Section 106 requires each federal agency to "take into account the effect of [a proposed] undertaking" upon historic properties and to "afford the [ACHP] a reasonable opportunity to comment with regard to such undertaking" prior to the agency's funding or licensing it. Accordingly, federal authority to fund or to license a project can render the project an undertaking, but the decision of the funding or licensing agency is not itself an undertaking. The plaintiffs' contrary suggestion is peculiar indeed. If the Secretary's "decision" by inaction not to disapprove Turkey's proposal under the FMA were an "undertaking," then so too would be every decision he makes. The plaintiffs have no interest, however, in having the ACHP review the internal decision-making process of the State Department; their interest is in having the ACHP review Turkey's plan to demolish and reconstruct its chancery before the State Department considers the proposal.
The State Department's failure to disapprove Turkey's proposal may have been a prerequisite to Turkey's project going forward, but it cannot itself be an undertaking within the meaning of the statute. Therefore, if Sec. 106 applies to this case, it is only because the demolition and reconstruction of Turkey's chancery is an "undertaking" and is funded or licensed by the Secretary.
2. Is Turkey's proposal an "undertaking"?
In 1990, when the Secretary of State could have but did not disapprove Turkey's proposal, the NHPA defined an "undertaking" by indirection, viz., as "any action as described in [Sec. 106 of the Act]." 16 U.S.C. Sec. 470w(7) (1988). In 1992, however, the Congress amended the definition of "undertaking" in the NHPA to read in pertinent part as follows:
"Undertaking" means a project, activity, or program funded in whole or in part under the direct or indirect jurisdiction of a Federal agency, including ... (c) those requiring a Federal permit[,] license, or approval....
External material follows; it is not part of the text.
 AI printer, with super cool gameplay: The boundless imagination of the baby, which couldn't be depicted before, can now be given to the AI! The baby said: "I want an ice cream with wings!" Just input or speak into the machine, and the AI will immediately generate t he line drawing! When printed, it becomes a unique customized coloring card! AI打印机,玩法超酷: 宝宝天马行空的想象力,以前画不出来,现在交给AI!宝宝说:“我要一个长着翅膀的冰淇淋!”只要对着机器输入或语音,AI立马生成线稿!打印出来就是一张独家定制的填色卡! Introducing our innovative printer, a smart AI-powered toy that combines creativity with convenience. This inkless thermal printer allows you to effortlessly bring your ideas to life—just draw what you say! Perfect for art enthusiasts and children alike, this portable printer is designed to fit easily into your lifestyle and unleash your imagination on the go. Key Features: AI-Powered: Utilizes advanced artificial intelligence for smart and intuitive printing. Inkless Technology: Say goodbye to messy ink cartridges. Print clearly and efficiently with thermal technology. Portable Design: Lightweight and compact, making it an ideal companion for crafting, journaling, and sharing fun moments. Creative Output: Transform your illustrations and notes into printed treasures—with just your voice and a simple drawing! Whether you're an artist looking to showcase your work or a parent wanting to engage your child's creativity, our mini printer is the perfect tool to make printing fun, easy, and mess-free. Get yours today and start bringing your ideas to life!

16 U.S.C. Sec. 470w(7) (Supp. IV 1992). The plaintiffs argue that this definition applies retroactively to Turkey's proposal, and that the Secretary's authority to disapprove the proposed project rendered it a "project ... requiring a Federal permit[,] license, or approval"--in short, an "undertaking."
The question whether the new definition applies retroactively to Turkey's project is complicated by the timing of the amendment. It was enacted after the time for the Secretary's review had passed--indeed, it was enacted after the plaintiffs had filed this suit in district court. See Landgraf v. USI Film Products, --- U.S. ----, ----, 114 S.Ct. 1483, 1505, 128 L.Ed.2d 229 (1994) (holding statutes that "would impair rights a party possessed when he acted ... or impose new duties with respect to transactions already completed" should not be applied retroactively absent an indication of clear congressional intent to the contrary). Rather than explore the mysteries of retroactivity doctrine as applied to these facts, however, we will assume for the sake of the plaintiffs' argument that the 1992 definition applies, for even under that version of the statute the plaintiffs fall short of their mark.
Upon a first reading, the amended definition seems actually to confine the notion of an "undertaking" to a project (etc.) "funded in whole or in part under the direct or indirect jurisdiction of a federal agency," and thus by omission to exclude a federally licensed project from the coverage of the statute. That reading of the definition, however, would deprive the references to licensing in Sec. 106 of any practical effect. We infer, therefore, that the amending Congress intended to expand the definition of an "undertaking"--formerly limited to federally funded or licensed projects--to include projects requiring a federal "permit" or merely federal "approval."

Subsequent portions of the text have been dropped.